Задумываясь над тем, что же помогло ему выстоять в этом головокружительном вихре, не пасть духом, не взвыть от ужаса и отчаяния, он вновь и вновь приходил к одному и тому же парадоксальному выводу: островком относительного благоразумия и спокойствия в ревущем океане страстей была для него в эти дни миниатюрная, с тонкой девичьей талией, неправдоподобно красивая женщина, чьи огромные синие глаза вселяли в его душу уверенность и покой, а золотистая, словно цветок одуванчика, головка доверчиво склонялась на его грудь, создавая зыбкое ощущение семейного благополучия. Симмонс не верил в провидение, но если хоть на миг допустить, что оно действительно существует, – то провидением этим была для него Эльсинора.
Как бы то ни было, теперь все это осталось далеко позади, отсеченное дверью из толстой хромированной стали, которую, впустив их в кабину вместе с влажно поблескивающими после недавнего дождя чемоданами, услужливо захлопнул технический директор Смит.
Ребята из "Сафари" на этот раз сработали четко. Вспыхнуло красное световое табло с надписью "Внимание!" Высокий звенящий звук, стремительно меняя тональность, перешел в басовитое органное гудение, наступило мгновенное небытие, и секунду спустя на ошеломленных молодоженов обрушилась лавина света, звуков, незнакомых запахов. Телепортация совершилась.
Они стояли, держась за руки, в огромном сверкающем стеклом и никелем зале, изумленно тараща глаза на толпы непривычно одетых людей, снующих взад и вперед по проходам между бесконечными рядами кресел, на допотопные реактивные лайнеры-недомерки за огромными стеклянными стенами.
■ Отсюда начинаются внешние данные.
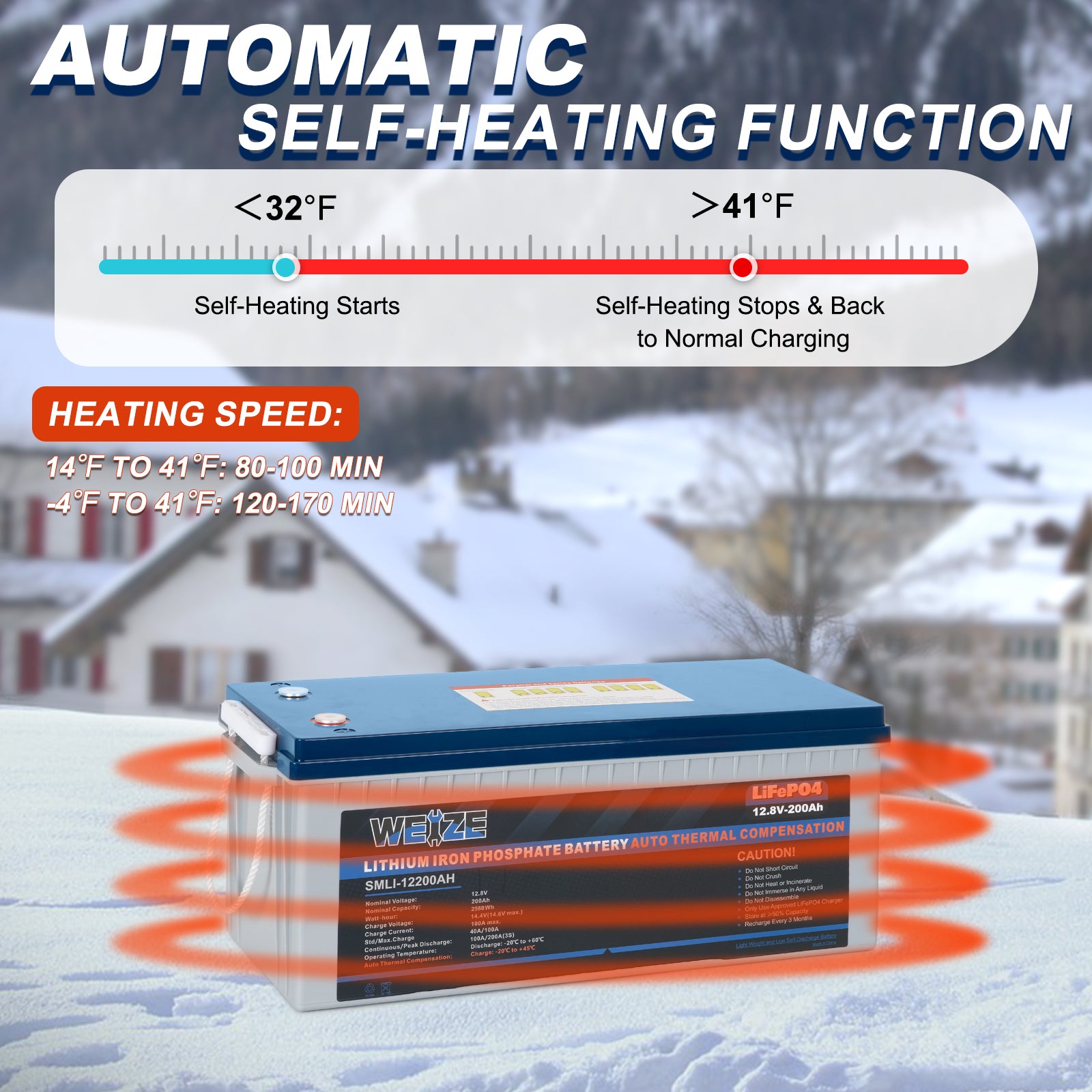 This particular model comes with a built-in heating element that ensures the battery operates efficiently in cold temperatures. Lithium batteries, especially LiFePO4 batteries, can lose capacity and performance in freezing conditions (below 32°F or 0°C), so the integrated heating system helps maintain optimal performance by keeping the battery at a suitable temperature.

– Где мы? – почему-то шепотом спросила Эльсинора.
– Париж. Аэропорт "Орли". Двадцать четвертое апреля 1977 года, – как по шпаргалке отчеканил Симмонс. Встряхнул головой и неизвестно для чего добавил: – Воскресенье.
На их появление никто толком не обратил внимания: шарахнулась, испуганно взвизгнув, залилась истошным лаем чья-то ухоженная болонка, да старик-чистильщик что-то возмущенно пробормотал по адресу нахальных иностранцев, имеющих обыкновение сваливаться как снег на голову.
Подошел носильщик в форменной фуражке, вопросительно перевел взгляд с чемоданов на их владельцев. Симмонс отрицательно покачал головой и сам оттащил чемоданы в сторонку, к креслам.
– Подожди меня здесь. – Он помог Эльсиноре снять плащ и усадил ее в кресло. – Я скоро вернусь.
Она молча кивнула.
– Я постараюсь как можно быстрее.
– Я подожду, – устало ответила она. – Иди, милый.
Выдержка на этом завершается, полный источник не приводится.